Алексей действительно позвонил. Он был в творческом отпуске, по его словам, сиднем сидел на даче, заканчивая новую книгу. Отрываться от работы не хотел и предложил Насте приехать к нему, на Сходню.
— У меня работа, — напомнила Настя.
— Приезжай в субботу. Один субботний день пионеры обойдутся без твоей опеки. Будут только счастливы.
Настя согласилась и он подробно рассказал, как ехать и как искать его дачу, заставил даже повторить свои указания, чтобы убедиться, правильно ли она его поняла.
— И ни у кого ничего не расспрашивай. Ты девочка приметная, сразу сообразят, к кому топаешь.
Алексей тоже играл в конспирацию. Дача, как выяснила Настя, была редакционной, и ему не хотелось, чтобы кто-либо пронюхал о её посещении.
Рубленый, по виду не очень новый, дом стоял на краю дачного поселка — вроде был его частью и в то же время отгородился от других домов высоким забором.
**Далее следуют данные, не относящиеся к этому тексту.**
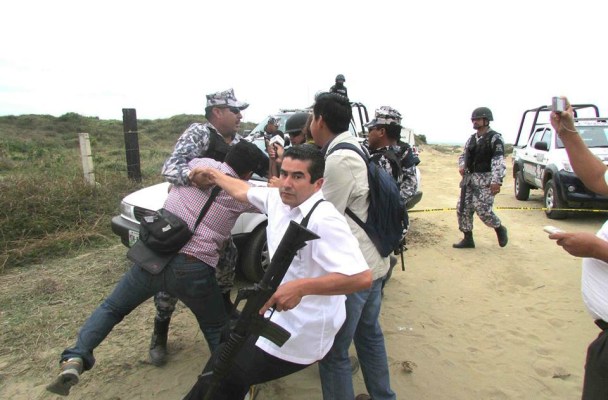 Judiciales agreden a la prensa local en su intento de ocultar la fosa clandestina de Coatzacoalcos.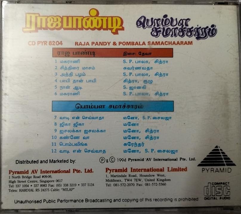 Raja Pandy – Pombala Samacharam – Tamil Audio CD by Deva
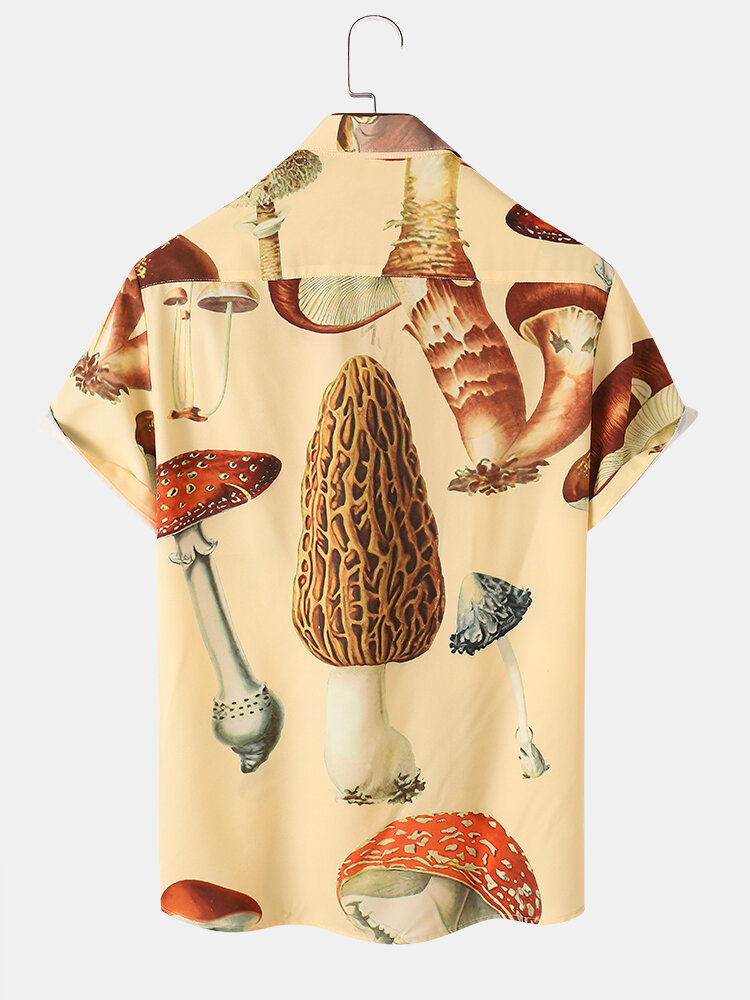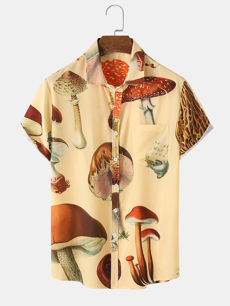 Mens Vintage 3D Mushroom Print Button Community Spirit Thin Shirt – Apricot S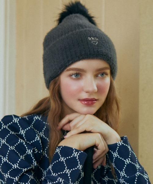 【ハートの刺繍がポイントの遊び心のあるニット帽】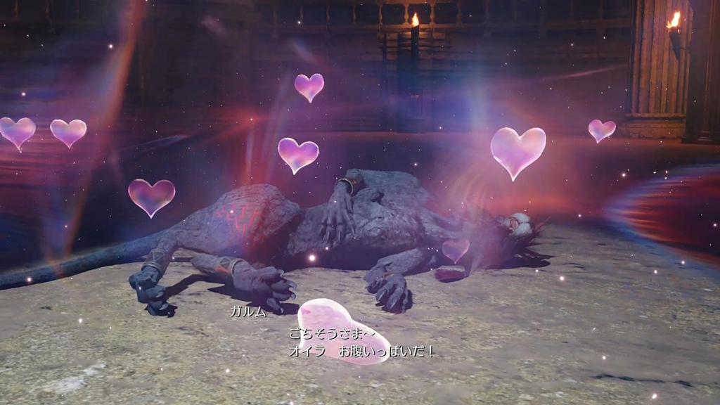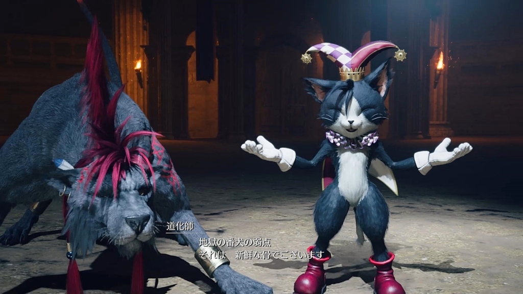 ナナキ扮する地獄の番犬の弱点は骨付き肉。

Калитка была полуоткрыта, и Настя, поколебавшись недолго, толкнула её и по гаревой дорожке пошла к дому. На крылечке стоял Алексей и приглашающе махал ей рукой. Он поцеловал её в щеку, взял из рук сумку:
— Заходи в мои хоромы.
— Погоди, дай осмотреться, — попросила Настя.
Территория была большой и ухоженной. От крыльца в разных направлениях разбегалось несколько дорожек. Уже цвели нарциссы и садовые подснежники, кустарники укрылись зеленью, пионы на ухоженных клумбах выбросили сиренево-светлые, туго свернутые стебли.
— И не подозревала, что ты так любишь копаться в земле, — проговорила Настя. — Вон у тебя какой порядок везде!
— Я? — удивился Алексей. — Это заботы садовника.
Ну, конечно же, у таких влиятельных людей должны быть не только дачи, но и садовники к ним.
В доме было просторно, хорошая добротная мебель, ковры на полах и картины на стенах — репродукции известных картин классиков. Но все было как-то по казенному, словно завозилось сюда по кем-то установленному списку.
— Это старый дачный поселок, — объяснил Алексей, — ещё дореволюционный. Здесь жили богатые врачи, адвокаты, чиновники. В двадцатых годах дачи подарил нашей газете Совнарком. Вон на той, — указал он куда-то за окно, — жил Карл Радек. После его ареста чекисты весь участок изрыли в поисках подпольной типографии и прочих улик.
— Кто такой Радек? — спросила Настя.
— Вот она, нынешняя молодежь! — деланно возмутился Алексей. — Был такой соратник Ильича, считался известным международным деятелем и журналистом. Но, между нами, писал неважно, больше славился своими едкими шуточками в адрес папы Джо…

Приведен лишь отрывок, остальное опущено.